Data section ->

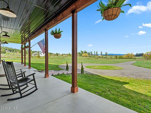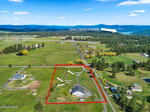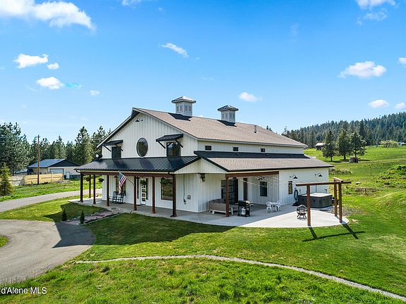 This is the ultimate frame-built barn home with modern flair, high-end amenities, and character throughout! This 5,200+ sq/ft home sits on 5 usable acres with a seasonal creek, walking paths through the hayfield, gorgeous mountain views, and a quick 5-minute drive to the Mica Bay boat launch. The square footage includes 4bd/3ba, a theater room, office, craft room, and loft area in the main home plus a full 1bd/1bath attached guest home with its own separate entrance and garage. Enjoy picturesque sunrises on the wrap-around covered porch or beautiful sets under stringed lights on the patio with a fire roaring. This is truly a one-of-a-kind home and only 10 minutes to downtown Coeur d'Alene! The seller is offering a $15k credit towards closing costs or landscape upgrades!
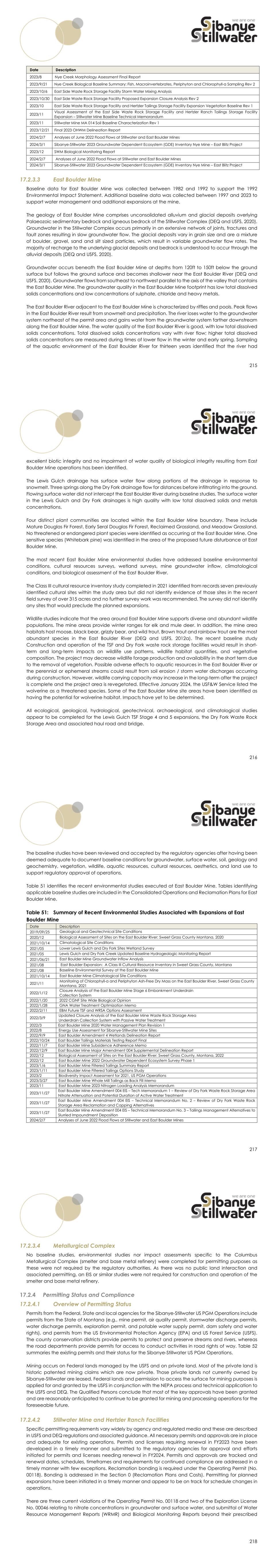 215 Date Description 2023/8 Nye Creek Morphology Assessment Final Report 2023/9/21 Nye Creek Biological Baseline Summary: Fish, Macroinvertebrates, Periphyton and Chlorophyll-a Sampling Rev 2 2023/10/6 East Side Waste Rock Storage Facility Storm Water Mixing Analysis 2023/10/30 East Side Waste Rock Storage Facility Proposed Expansion Closure Analysis Rev 2 2023/10 East Side Waste Rock Storage Facility and Hertzler Tailings Storage Facility Expansion Vegetation Baseline Rev 1 2023/11 Visual Assessment of the East Side Waste Rock Storage Facility and Hertzler Ranch Tailings Storage Facility Expansion – Stillwater Mine Baseline Technical Memorandum 2023/11 Stillwater Mine MA 014 Soil Baseline Characterization Rev 1 2023/12/21 Final 2023 OHWM Delineation Report 2024/2/7 Analyses of June 2022 Flood Flows at Stillwater and East Boulder Mines 2024/3/1 Sibanye-Stillwater 2023 Groundwater Dependent Ecosystem (GDE) Inventory Nye Mine – East Blitz Project 2023/12 SWM Biological Monitoring Report 2024/2/7 Analyses of June 2022 Flood Flows at Stillwater and East Boulder Mines 2024/3/1 Sibanye-Stillwater 2023 Groundwater Dependent Ecosystem (GDE) Inventory Nye Mine – East Blitz Project 17.2.3.3 East Boulder Mine Baseline data for East Boulder Mine was collected between 1982 and 1992 to support the 1992 Environmental Impact Statement. Additional baseline data was collected between 1997 and 2023 to support water management and additional expansions at the mine. The geology of East Boulder Mine comprises unconsolidated alluvium and glacial deposits overlying Palaeozoic sedimentary bedrock and igneous bedrock of the Stillwater Complex (DEQ and USFS, 2020). Groundwater in the Stillwater Complex occurs primarily in an extensive network of joints, fractures and fault zones resulting in slow groundwater flow. The glacial deposits vary in grain size and are a mixture of boulder, gravel, sand and silt sized particles, which result in variable groundwater flow rates. The majority of recharge to the underlying glacial deposits and bedrock is understood to occur through the alluvial deposits (DEQ and USFS, 2020). Groundwater occurs beneath the East Boulder Mine at depths from 120ft to 150ft below the ground surface but follows the ground surface and becomes shallower near the East Boulder River (DEQ and USFS, 2020). Groundwater flows from southeast to northwest parallel to the axis of the valley that contains the East Boulder Mine. The groundwater quality in the East Boulder Mine footprint has low total dissolved solids concentrations and low concentrations of sulphate, chloride and heavy metals. The East Boulder River adjacent to the East Boulder Mine is characterized by riffles and pools. Peak flows in the East Boulder River result from snowmelt and precipitation. The river loses water to the groundwater system northeast of the permit area and gains water from the groundwater system farther downstream along the East Boulder Mine. The water quality of the East Boulder River is good, with low total dissolved solids concentrations. Total dissolved solids concentrations vary with river flow; higher total dissolved solids concentrations are measured during times of lower flow in the winter and early spring. Sampling of the aquatic environment of the East Boulder River for thirteen years identified that the river had 216 excellent biotic integrity and no impairment of water quality of biological integrity resulting from East Boulder Mine operations has been identified. The Lewis Gulch drainage has surface water flow along portions of the drainage in response to snowmelt. Three springs along the Dry Fork drainage flow for distances before infiltrating into the ground. Flowing surface water did not intercept the East Boulder River during baseline studies. The surface water in the Lewis Gulch and Dry Fork drainages is high quality with low total dissolved solids and metals concentrations. Four distinct plant communities are located within the East Boulder Mine boundary. These include Mature Douglas Fir Forest, Early Seral Douglas Fir Forest, Reclaimed Grassland, and Meadow Grassland. No threatened or endangered plant species were identified as occurring at the East Boulder Mine. One sensitive species (Whitebark pine) was identified in the area of the proposed future disturbance at East Boulder Mine. The most recent East Boulder Mine environmental studies have addressed baseline environmental conditions, cultural resources surveys, wetland surveys, mine groundwater inflow, climatological conditions, and biological assessment of the East Boulder River. The Class III cultural resource inventory study completed in 2021 identified from records seven previously identified cultural sites within the study area but did not identify evidence of those sites in the recent field survey of over 315 acres and no further survey work was recommended. The survey did not identify any sites that would preclude the planned expansions. Wildlife studies indicate that the area around East Boulder Mine supports diverse and abundant wildlife populations. The mine areas provide winter ranges for elk and mule deer. In addition, the mine area habitats host moose, black bear, grizzly bear, and wild trout. Brown trout and rainbow trout are the most abundant species in the East Boulder River (DEQ and USFS, 2012a). The recent baseline study Construction and operation of the TSF and Dry Fork waste rock storage facilities would result in short- term and long-term impacts on wildlife use patterns, wildlife habitat quantities, and vegetative composition. The project may decrease wildlife forage production and availability in the short term due to the removal of vegetation. Possible adverse effects to aquatic resources in the East Boulder River or the perennial or ephemeral streams could result from soil erosion / storm water discharges occurring during construction. However, wildlife carrying capacity may increase in the long-term after the project is
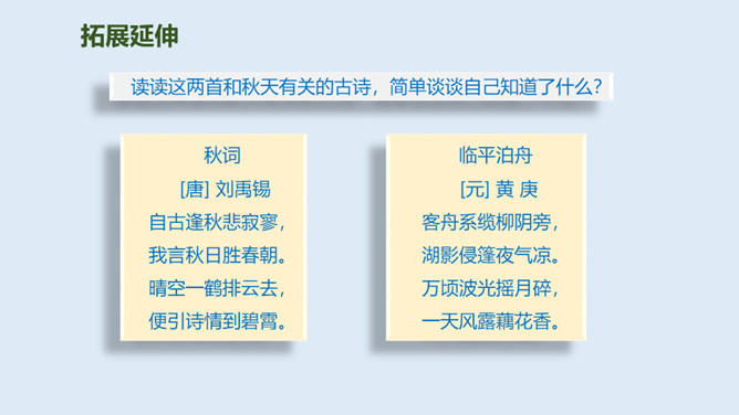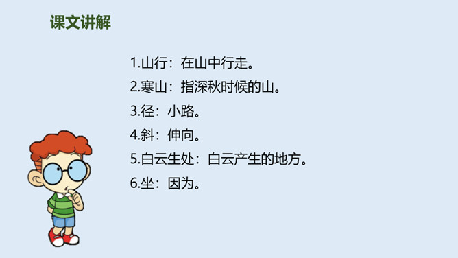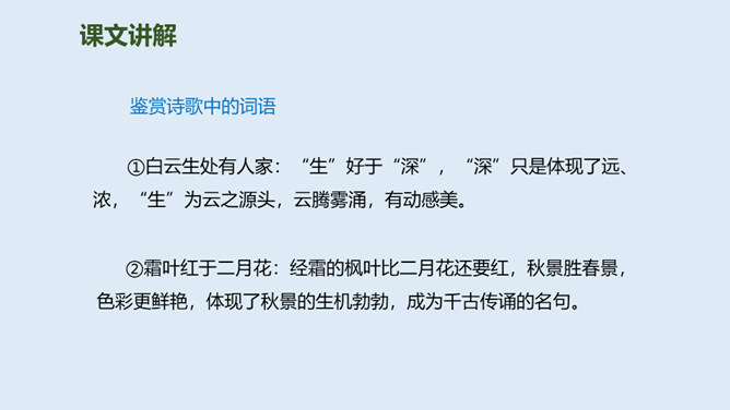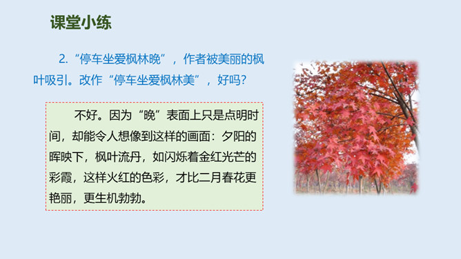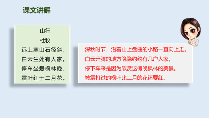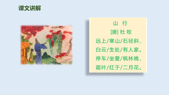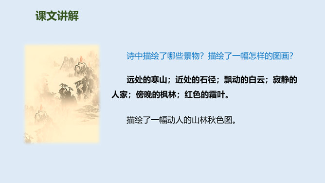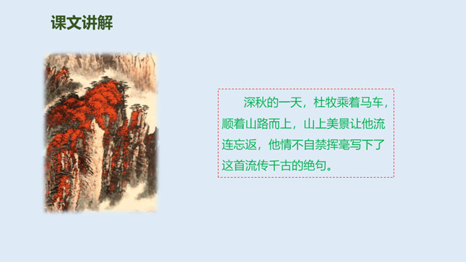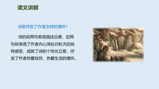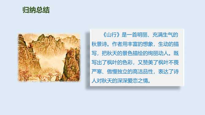诗歌抒发了作者怎样的情怀?诗的前两句客观描述远景,后两句却渗透了作者内心深处对秋天的独特感受,成就了诗的个性化立意,抒发了作者热爱自然、热爱生活的情怀。《山行》是一首明丽、充满生气的秋景诗。作者用丰富的想象,生动的描写,把秋天的景色描绘的绚丽动人。既写出了枫叶的色彩,又赞美了枫叶不畏严寒、傲慢独立的高洁品性,表达了诗人对秋天的深深爱恋之情。所属专题:山行ppt。

Your goal ->
Return the material exactly as given above, picture-free.

Problem solution ->
 This is the ultimate frame-built barn home with modern flair, high-end amenities, and character throughout! This 5,200+ sq/ft home sits on 5 usable acres with a seasonal creek, walking paths through the hayfield, gorgeous mountain views, and a quick 5-minute drive to the Mica Bay boat launch. The square footage includes 4bd/3ba, a theater room, office, craft room, and loft area in the main home plus a full 1bd/1bath attached guest home with its own separate entrance and garage. Enjoy picturesque sunrises on the wrap-around covered porch or beautiful sets under stringed lights on the patio with a fire roaring. This is truly a one-of-a-kind home and only 10 minutes to downtown Coeur d'Alene! The seller is offering a $15k credit towards closing costs or landscape upgrades!
 215 Date Description 2023/8 Nye Creek Morphology Assessment Final Report 2023/9/21 Nye Creek Biological Baseline Summary: Fish, Macroinvertebrates, Periphyton and Chlorophyll-a Sampling Rev 2 2023/10/6 East Side Waste Rock Storage Facility Storm Water Mixing Analysis 2023/10/30 East Side Waste Rock Storage Facility Proposed Expansion Closure Analysis Rev 2 2023/10 East Side Waste Rock Storage Facility and Hertzler Tailings Storage Facility Expansion Vegetation Baseline Rev 1 2023/11 Visual Assessment of the East Side Waste Rock Storage Facility and Hertzler Ranch Tailings Storage Facility Expansion – Stillwater Mine Baseline Technical Memorandum 2023/11 Stillwater Mine MA 014 Soil Baseline Characterization Rev 1 2023/12/21 Final 2023 OHWM Delineation Report 2024/2/7 Analyses of June 2022 Flood Flows at Stillwater and East Boulder Mines 2024/3/1 Sibanye-Stillwater 2023 Groundwater Dependent Ecosystem (GDE) Inventory Nye Mine – East Blitz Project 2023/12 SWM Biological Monitoring Report 2024/2/7 Analyses of June 2022 Flood Flows at Stillwater and East Boulder Mines 2024/3/1 Sibanye-Stillwater 2023 Groundwater Dependent Ecosystem (GDE) Inventory Nye Mine – East Blitz Project 17.2.3.3 East Boulder Mine Baseline data for East Boulder Mine was collected between 1982 and 1992 to support the 1992 Environmental Impact Statement. Additional baseline data was collected between 1997 and 2023 to support water management and additional expansions at the mine. The geology of East Boulder Mine comprises unconsolidated alluvium and glacial deposits overlying Palaeozoic sedimentary bedrock and igneous bedrock of the Stillwater Complex (DEQ and USFS, 2020). Groundwater in the Stillwater Complex occurs primarily in an extensive network of joints, fractures and fault zones resulting in slow groundwater flow. The glacial deposits vary in grain size and are a mixture of boulder, gravel, sand and silt sized particles, which result in variable groundwater flow rates. The majority of recharge to the underlying glacial deposits and bedrock is understood to occur through the alluvial deposits (DEQ and USFS, 2020). Groundwater occurs beneath the East Boulder Mine at depths from 120ft to 150ft below the ground surface but follows the ground surface and becomes shallower near the East Boulder River (DEQ and USFS, 2020). Groundwater flows from southeast to northwest parallel to the axis of the valley that contains the East Boulder Mine. The groundwater quality in the East Boulder Mine footprint has low total dissolved solids concentrations and low concentrations of sulphate, chloride and heavy metals. The East Boulder River adjacent to the East Boulder Mine is characterized by riffles and pools. Peak flows in the East Boulder River result from snowmelt and precipitation. The river loses water to the groundwater system northeast of the permit area and gains water from the groundwater system farther downstream along the East Boulder Mine. The water quality of the East Boulder River is good, with low total dissolved solids concentrations. Total dissolved solids concentrations vary with river flow; higher total dissolved solids concentrations are measured during times of lower flow in the winter and early spring. Sampling of the aquatic environment of the East Boulder River for thirteen years identified that the river had 216 excellent biotic integrity and no impairment of water quality of biological integrity resulting from East Boulder Mine operations has been identified. The Lewis Gulch drainage has surface water flow along portions of the drainage in response to snowmelt. Three springs along the Dry Fork drainage flow for distances before infiltrating into the ground. Flowing surface water did not intercept the East Boulder River during baseline studies. The surface water in the Lewis Gulch and Dry Fork drainages is high quality with low total dissolved solids and metals concentrations. Four distinct plant communities are located within the East Boulder Mine boundary. These include Mature Douglas Fir Forest, Early Seral Douglas Fir Forest, Reclaimed Grassland, and Meadow Grassland. No threatened or endangered plant species were identified as occurring at the East Boulder Mine. One sensitive species (Whitebark pine) was identified in the area of the proposed future disturbance at East Boulder Mine. The most recent East Boulder Mine environmental studies have addressed baseline environmental conditions, cultural resources surveys, wetland surveys, mine groundwater inflow, climatological conditions, and biological assessment of the East Boulder River. The Class III cultural resource inventory study completed in 2021 identified from records seven previously identified cultural sites within the study area but did not identify evidence of those sites in the recent field survey of over 315 acres and no further survey work was recommended. The survey did not identify any sites that would preclude the planned expansions. Wildlife studies indicate that the area around East Boulder Mine supports diverse and abundant wildlife populations. The mine areas provide winter ranges for elk and mule deer. In addition, the mine area habitats host moose, black bear, grizzly bear, and wild trout. Brown trout and rainbow trout are the most abundant species in the East Boulder River (DEQ and USFS, 2012a). The recent baseline study Construction and operation of the TSF and Dry Fork waste rock storage facilities would result in short- term and long-term impacts on wildlife use patterns, wildlife habitat quantities, and vegetative composition. The project may decrease wildlife forage production and availability in the short term due to the removal of vegetation. Possible adverse effects to aquatic resources in the East Boulder River or the perennial or ephemeral streams could result from soil erosion / storm water discharges occurring during construction. However, wildlife carrying capacity may increase in the long-term after the project is
诗歌抒发了作者怎样的情怀?诗的前两句客观描述远景,后两句却渗透了作者内心深处对秋天的独特感受,成就了诗的个性化立意,抒发了作者热爱自然、热爱生活的情怀。《山行》是一首明丽、充满生气的秋景诗。作者用丰富的想象,生动的描写,把秋天的景色描绘的绚丽动人。既写出了枫叶的色彩,又赞美了枫叶不畏严寒、傲慢独立的高洁品性,表达了诗人对秋天的深深爱恋之情。所属专题:山行ppt。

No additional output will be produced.